Is There a Link Between Mental Health, Hearing Loss and the Coronavirus?
According to the World Health Organization, approximately 970 million people—nearly 15 percent of the global population—had been diagnosed with some form of mental health disorder in 2017. Yet according to recent data from the CDC, the percentage of adults who specifically reported symptoms of anxiety and depression alone in the US increased by over 5 percent between August 2020 and February 2021. Even more alarming, more than 11 percent of that number also reported insufficient resources for their mental health needs.
Yet hearing loss can exacerbate many of the incidental conditions associated with mental health disorder. The links between tinnitus and insomnia have been well established, while a 2007 study published in the American Journal of Audiology confirmed that auditory behavior triggered by post-traumatic stress disorder frequently resulted in noise tolerance levels and delayed responses almost exactly the same as those of tinnitus.
- Over 6 percent of Americans have been estimated as experiencing one or more triggers of PTSD in 2020, while an expected 15 million will experience PTSD during any given year.
- Over 41 percent of the U.S. population experienced indicators of depressive and anxiety disorders during a seven-day period in January 2021, with the largest increase occurring in males between the ages of 18 and 29.
- Approximately one out of every eight Americans over the age of 12 have been diagnosed as suffering from qualitative hearing loss in both ears.
- 46 percent of adult patients reporting hearing loss have seen a healthcare provider for their hearing between 2015 and 2020. Yet hearing aid sales fell by nearly 20 percent in the US during 2020, with many practices closing as a result of the COVID-19 pandemic.
- Both degeneration in cortical activity and age-related changes in social activity have been cited as causes for both depression and hearing loss in adults over the age of 64.
- An estimated 27 million adults experiencing a mental health disorder remained untreated in the US during 2020.
- Approximately 19 percent of the 130 member countries of the World Health Organization reported pandemic-related difficulties in facilitating mental health treatment as of October 10, 2020.

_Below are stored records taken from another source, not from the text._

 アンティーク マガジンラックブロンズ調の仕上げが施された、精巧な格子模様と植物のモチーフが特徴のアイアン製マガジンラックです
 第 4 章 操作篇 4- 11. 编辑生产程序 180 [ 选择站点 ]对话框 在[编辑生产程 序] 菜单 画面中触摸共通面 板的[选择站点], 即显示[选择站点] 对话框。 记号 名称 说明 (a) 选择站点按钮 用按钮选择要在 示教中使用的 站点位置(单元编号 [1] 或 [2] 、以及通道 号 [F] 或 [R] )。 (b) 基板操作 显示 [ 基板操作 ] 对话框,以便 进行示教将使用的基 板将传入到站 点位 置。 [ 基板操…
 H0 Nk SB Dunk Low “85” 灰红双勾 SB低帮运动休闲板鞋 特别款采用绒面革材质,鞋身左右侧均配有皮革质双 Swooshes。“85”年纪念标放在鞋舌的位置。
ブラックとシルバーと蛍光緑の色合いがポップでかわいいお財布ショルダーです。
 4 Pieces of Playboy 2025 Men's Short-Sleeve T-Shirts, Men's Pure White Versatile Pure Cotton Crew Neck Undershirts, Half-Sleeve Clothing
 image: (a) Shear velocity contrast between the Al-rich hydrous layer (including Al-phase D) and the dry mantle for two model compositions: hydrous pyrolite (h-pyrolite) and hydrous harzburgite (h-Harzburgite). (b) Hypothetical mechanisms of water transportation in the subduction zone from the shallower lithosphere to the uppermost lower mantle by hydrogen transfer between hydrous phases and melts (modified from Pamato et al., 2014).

Associated symptoms of hearing loss, mental health and COVID-19 infections aren’t definitively linked. The past two years haven’t necessarily been a sufficient amount of time to establish any conclusive evidence of a correlation between all three conditions. But it may be time to reassess just how strong the association between mental and physical health can be. Yet accessible resources for the former are severely underfunded in all regions affected by the pandemic, with the strain on frontline workers becoming a chief concern as infections continue to rise.
Our bodies deserve better. Our mental well being deserves better. Our hearing deserves better. And we all deserve better. Protecting ourselves isn’t a question of wishful thinking. It requires resources, communication and action. Politicizing a health crisis is not a solution. And it never will be. Understanding the effects of a health crisis is, however. And understanding how we adjust our lives to a period of crisis is the first step in learning to understand ourselves.